1765. Goldsmith, Essays, x. The bunters who swagger in the streets of London.

1809. Malkin, Gil Blas, 136. She could put on as brazen-faced a swagger as the most impudent dog in town.

1835. Marryatt, Pacha of Many Tales. 'The Water Carrier.' It requires but an impudent swagger and you are taken on your own representation.

1844. Thackeray, Barry Lyndon, xv. As for the swagger . . . I deny it in toto, being always most modest in my demeanour.

1880. Payn, Confid. Agent, xi. The captain [put] . . . a good deal of side on, which became a positive swagger as he emerged into the more fashionable street.

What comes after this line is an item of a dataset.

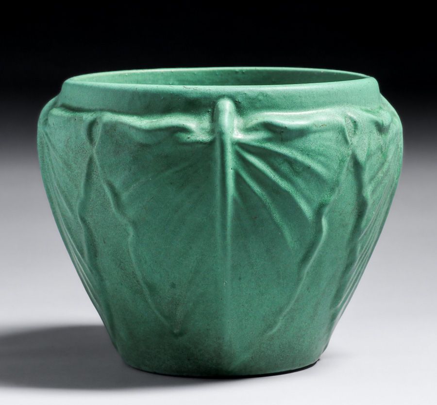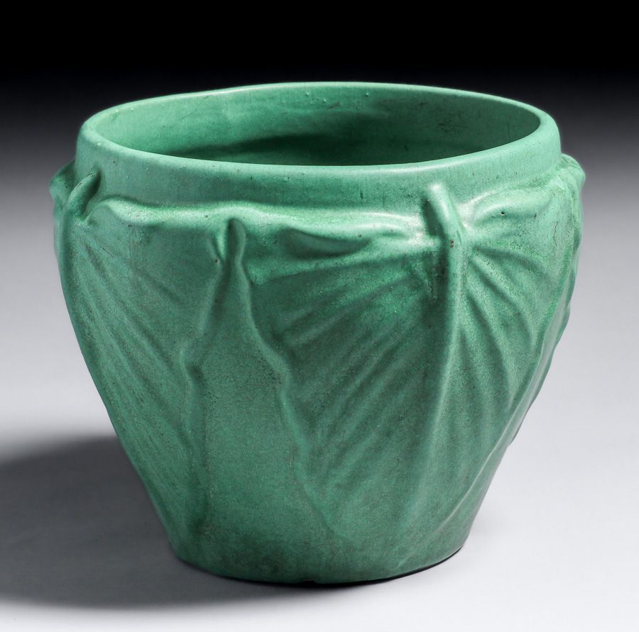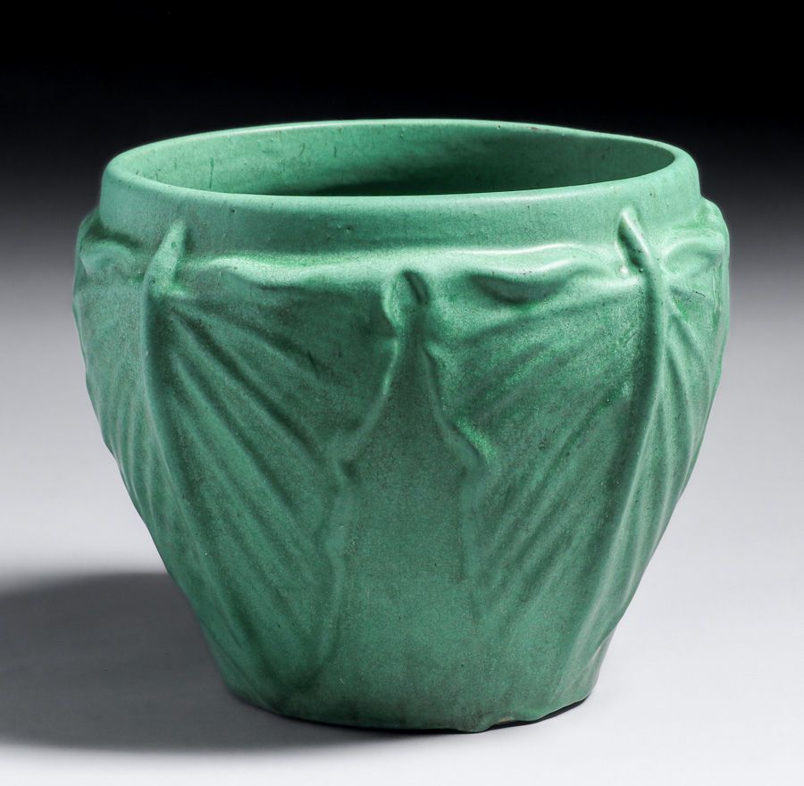 Weller Bedford Matte Green Jardiniere c1910. Unsigned. Perfect condition. 8"h x 10"d SOLD

1898. Warner, Harrow School, 280. The rules of 'swagger' or [side] are most complex. . . . And a new boy is apt to find himself entangled. He goes out with his umbrella rolled up . . . or carries it by its middle, or under his arm, or he walks on the middle terrace after chapel, or he innocently wears his 'blues' open when it is hot, or turns his trousers up when it is wet, and . . . he is swaggering. Lady visitors sometimes think small boys at Harrow rude . . . to stick close to the wall . . . and shoulder the world into the gutter—it is modesty; to walk in the road is swagger. To loiter at the house door, or to sing or whistle in the passages, and to wear a hat in the house are also forms of swagger.

1901. Walker, In the Blood, 107. He wore a new cricketing belt round his loins, as low down as he could get it to go; the lower down the greater assumption of 'push' swagger.